> **WORK ORDER**
What follows is a listing; give it again exactly, in its entirety.
------
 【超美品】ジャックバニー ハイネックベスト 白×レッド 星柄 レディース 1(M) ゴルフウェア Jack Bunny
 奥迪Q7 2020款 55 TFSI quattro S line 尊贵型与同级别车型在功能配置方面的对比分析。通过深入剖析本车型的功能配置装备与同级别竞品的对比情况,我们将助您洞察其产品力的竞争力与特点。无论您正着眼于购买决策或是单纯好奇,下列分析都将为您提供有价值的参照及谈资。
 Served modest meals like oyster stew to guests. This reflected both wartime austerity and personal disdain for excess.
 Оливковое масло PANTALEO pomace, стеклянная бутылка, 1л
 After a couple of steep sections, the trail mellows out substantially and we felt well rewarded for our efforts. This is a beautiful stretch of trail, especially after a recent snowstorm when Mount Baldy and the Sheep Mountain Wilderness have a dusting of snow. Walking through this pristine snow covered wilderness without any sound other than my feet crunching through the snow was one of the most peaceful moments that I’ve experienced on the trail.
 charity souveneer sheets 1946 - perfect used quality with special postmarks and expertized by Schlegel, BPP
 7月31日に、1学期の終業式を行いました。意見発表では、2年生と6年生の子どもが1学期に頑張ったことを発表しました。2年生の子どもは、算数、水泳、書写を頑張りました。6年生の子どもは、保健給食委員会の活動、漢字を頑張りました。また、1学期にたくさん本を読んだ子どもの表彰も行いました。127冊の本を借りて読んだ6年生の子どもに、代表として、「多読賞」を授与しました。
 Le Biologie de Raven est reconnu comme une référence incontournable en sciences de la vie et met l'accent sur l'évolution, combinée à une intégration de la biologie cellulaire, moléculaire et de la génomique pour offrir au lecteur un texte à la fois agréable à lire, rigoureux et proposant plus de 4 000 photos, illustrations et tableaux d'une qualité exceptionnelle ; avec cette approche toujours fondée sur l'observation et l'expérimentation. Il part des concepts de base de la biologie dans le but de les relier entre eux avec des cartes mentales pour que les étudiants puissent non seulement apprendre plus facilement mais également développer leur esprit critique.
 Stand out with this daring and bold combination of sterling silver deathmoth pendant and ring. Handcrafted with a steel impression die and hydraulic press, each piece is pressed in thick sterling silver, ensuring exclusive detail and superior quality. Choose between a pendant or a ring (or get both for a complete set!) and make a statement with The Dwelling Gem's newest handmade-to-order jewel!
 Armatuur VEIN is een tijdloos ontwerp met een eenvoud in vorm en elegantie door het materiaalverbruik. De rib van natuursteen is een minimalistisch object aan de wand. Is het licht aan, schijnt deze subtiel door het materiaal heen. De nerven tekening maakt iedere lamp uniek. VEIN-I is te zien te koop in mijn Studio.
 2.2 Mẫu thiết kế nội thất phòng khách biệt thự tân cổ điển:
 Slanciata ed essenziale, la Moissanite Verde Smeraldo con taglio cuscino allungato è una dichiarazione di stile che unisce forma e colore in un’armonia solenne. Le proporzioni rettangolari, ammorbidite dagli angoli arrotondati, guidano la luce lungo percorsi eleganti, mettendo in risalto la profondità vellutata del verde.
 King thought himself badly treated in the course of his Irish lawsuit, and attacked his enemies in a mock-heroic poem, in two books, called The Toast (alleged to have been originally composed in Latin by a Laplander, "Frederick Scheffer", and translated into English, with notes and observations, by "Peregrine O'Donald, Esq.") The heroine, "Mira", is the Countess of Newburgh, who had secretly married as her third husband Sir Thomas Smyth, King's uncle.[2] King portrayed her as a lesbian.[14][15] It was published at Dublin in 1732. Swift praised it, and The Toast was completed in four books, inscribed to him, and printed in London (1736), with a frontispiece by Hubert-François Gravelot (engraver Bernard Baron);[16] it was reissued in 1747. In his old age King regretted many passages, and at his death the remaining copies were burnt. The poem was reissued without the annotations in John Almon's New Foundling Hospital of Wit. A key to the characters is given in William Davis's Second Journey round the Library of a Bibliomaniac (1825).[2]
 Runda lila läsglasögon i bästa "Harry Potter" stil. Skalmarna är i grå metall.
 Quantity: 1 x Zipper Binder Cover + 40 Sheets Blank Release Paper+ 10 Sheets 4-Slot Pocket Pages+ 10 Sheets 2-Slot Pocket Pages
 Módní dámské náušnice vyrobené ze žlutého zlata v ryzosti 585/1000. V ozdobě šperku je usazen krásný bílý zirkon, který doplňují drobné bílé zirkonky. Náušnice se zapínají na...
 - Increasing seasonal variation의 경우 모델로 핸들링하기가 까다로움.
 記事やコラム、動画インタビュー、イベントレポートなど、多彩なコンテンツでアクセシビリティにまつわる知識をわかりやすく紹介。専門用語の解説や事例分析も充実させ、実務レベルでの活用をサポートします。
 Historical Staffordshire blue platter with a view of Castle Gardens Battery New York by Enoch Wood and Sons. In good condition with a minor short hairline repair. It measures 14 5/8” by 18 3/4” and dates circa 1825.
------
> **RESPONSE TO THIS TASK**
 【超美品】ジャックバニー ハイネックベスト 白×レッド 星柄 レディース 1(M) ゴルフウェア Jack Bunny
 奥迪Q7 2020款 55 TFSI quattro S line 尊贵型与同级别车型在功能配置方面的对比分析。通过深入剖析本车型的功能配置装备与同级别竞品的对比情况,我们将助您洞察其产品力的竞争力与特点。无论您正着眼于购买决策或是单纯好奇,下列分析都将为您提供有价值的参照及谈资。
 Served modest meals like oyster stew to guests. This reflected both wartime austerity and personal disdain for excess.
 Оливковое масло PANTALEO pomace, стеклянная бутылка, 1л
 After a couple of steep sections, the trail mellows out substantially and we felt well rewarded for our efforts. This is a beautiful stretch of trail, especially after a recent snowstorm when Mount Baldy and the Sheep Mountain Wilderness have a dusting of snow. Walking through this pristine snow covered wilderness without any sound other than my feet crunching through the snow was one of the most peaceful moments that I’ve experienced on the trail.
 charity souveneer sheets 1946 - perfect used quality with special postmarks and expertized by Schlegel, BPP
 7月31日に、1学期の終業式を行いました。意見発表では、2年生と6年生の子どもが1学期に頑張ったことを発表しました。2年生の子どもは、算数、水泳、書写を頑張りました。6年生の子どもは、保健給食委員会の活動、漢字を頑張りました。また、1学期にたくさん本を読んだ子どもの表彰も行いました。127冊の本を借りて読んだ6年生の子どもに、代表として、「多読賞」を授与しました。
 Le Biologie de Raven est reconnu comme une référence incontournable en sciences de la vie et met l'accent sur l'évolution, combinée à une intégration de la biologie cellulaire, moléculaire et de la génomique pour offrir au lecteur un texte à la fois agréable à lire, rigoureux et proposant plus de 4 000 photos, illustrations et tableaux d'une qualité exceptionnelle ; avec cette approche toujours fondée sur l'observation et l'expérimentation. Il part des concepts de base de la biologie dans le but de les relier entre eux avec des cartes mentales pour que les étudiants puissent non seulement apprendre plus facilement mais également développer leur esprit critique.
 Stand out with this daring and bold combination of sterling silver deathmoth pendant and ring. Handcrafted with a steel impression die and hydraulic press, each piece is pressed in thick sterling silver, ensuring exclusive detail and superior quality. Choose between a pendant or a ring (or get both for a complete set!) and make a statement with The Dwelling Gem's newest handmade-to-order jewel!
 Armatuur VEIN is een tijdloos ontwerp met een eenvoud in vorm en elegantie door het materiaalverbruik. De rib van natuursteen is een minimalistisch object aan de wand. Is het licht aan, schijnt deze subtiel door het materiaal heen. De nerven tekening maakt iedere lamp uniek. VEIN-I is te zien te koop in mijn Studio.
 2.2 Mẫu thiết kế nội thất phòng khách biệt thự tân cổ điển:
 Slanciata ed essenziale, la Moissanite Verde Smeraldo con taglio cuscino allungato è una dichiarazione di stile che unisce forma e colore in un’armonia solenne. Le proporzioni rettangolari, ammorbidite dagli angoli arrotondati, guidano la luce lungo percorsi eleganti, mettendo in risalto la profondità vellutata del verde.
 King thought himself badly treated in the course of his Irish lawsuit, and attacked his enemies in a mock-heroic poem, in two books, called The Toast (alleged to have been originally composed in Latin by a Laplander, "Frederick Scheffer", and translated into English, with notes and observations, by "Peregrine O'Donald, Esq.") The heroine, "Mira", is the Countess of Newburgh, who had secretly married as her third husband Sir Thomas Smyth, King's uncle.[2] King portrayed her as a lesbian.[14][15] It was published at Dublin in 1732. Swift praised it, and The Toast was completed in four books, inscribed to him, and printed in London (1736), with a frontispiece by Hubert-François Gravelot (engraver Bernard Baron);[16] it was reissued in 1747. In his old age King regretted many passages, and at his death the remaining copies were burnt. The poem was reissued without the annotations in John Almon's New Foundling Hospital of Wit. A key to the characters is given in William Davis's Second Journey round the Library of a Bibliomaniac (1825).[2]
 Runda lila läsglasögon i bästa "Harry Potter" stil. Skalmarna är i grå metall.
 Quantity: 1 x Zipper Binder Cover + 40 Sheets Blank Release Paper+ 10 Sheets 4-Slot Pocket Pages+ 10 Sheets 2-Slot Pocket Pages
 Módní dámské náušnice vyrobené ze žlutého zlata v ryzosti 585/1000. V ozdobě šperku je usazen krásný bílý zirkon, který doplňují drobné bílé zirkonky. Náušnice se zapínají na...
 - Increasing seasonal variation의 경우 모델로 핸들링하기가 까다로움.
 記事やコラム、動画インタビュー、イベントレポートなど、多彩なコンテンツでアクセシビリティにまつわる知識をわかりやすく紹介。専門用語の解説や事例分析も充実させ、実務レベルでの活用をサポートします。
 Historical Staffordshire blue platter with a view of Castle Gardens Battery New York by Enoch Wood and Sons. In good condition with a minor short hairline repair. It measures 14 5/8” by 18 3/4” and dates circa 1825.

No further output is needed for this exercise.